2) Word corrections: You can add preferred transcriptions in Settings. If Whisper always hears "React Query" as "react quarry", add it once and it's fixed deterministically before the LLM even runs.
3) The cleanup LLM: The local Qwen model handles camelCase formatting, but it's hit or miss on novel library names it hasn't seen in training data. The OCR context is what really saves it — if the name is anywhere on your screen, it'll get it right.
this is super refreshing
everything going cloud-first, while privacy is becoming a bigger concern
fully local voice + transcription is a strong angle
how’s the performance compared to cloud models right now?
Ghost Pepper 🌶️
@jaka_kotnik Thanks! I haven't done a lot of benchmarking myself yet but getting a lot of anecdotal feedback that it's actually faster than products that use cloud models.
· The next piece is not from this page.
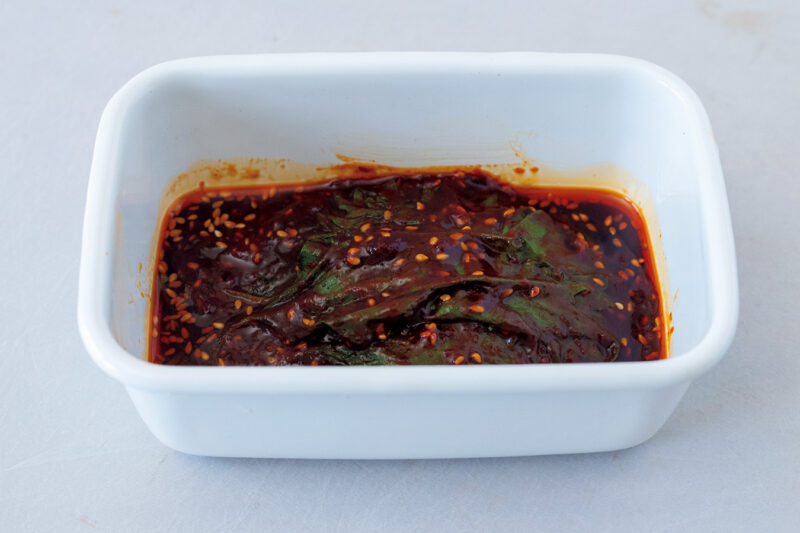 1. Aをよく混ぜ、清潔な保存容器に入れる。青じその両面につけてなじませ、ラップをピッチリとして、冷蔵庫に1 時間以上おく。

@matthartman interesting! Definitely checking it out
The local-first approach resonates deeply. I built NexClip AI with the same philosophy — video stays on your Mac, only audio is sent for AI analysis when needed.
The OCR context for disambiguation is clever. We solved a similar challenge with audio RMS data — using silence detection and sentence boundaries to create precise segment cuts instead of relying purely on transcript text.
Curious: with the 2B Qwen model running locally, how much memory overhead are you seeing during a typical 60-min meeting transcription?
Product Hunt
I've always been a bit paranoid using cloud-based apps that collect super sensitive data. I expect more open-source, on-device apps like this will rise in popularity for that reason and the ability to modify to fit inside one's infra and workflows.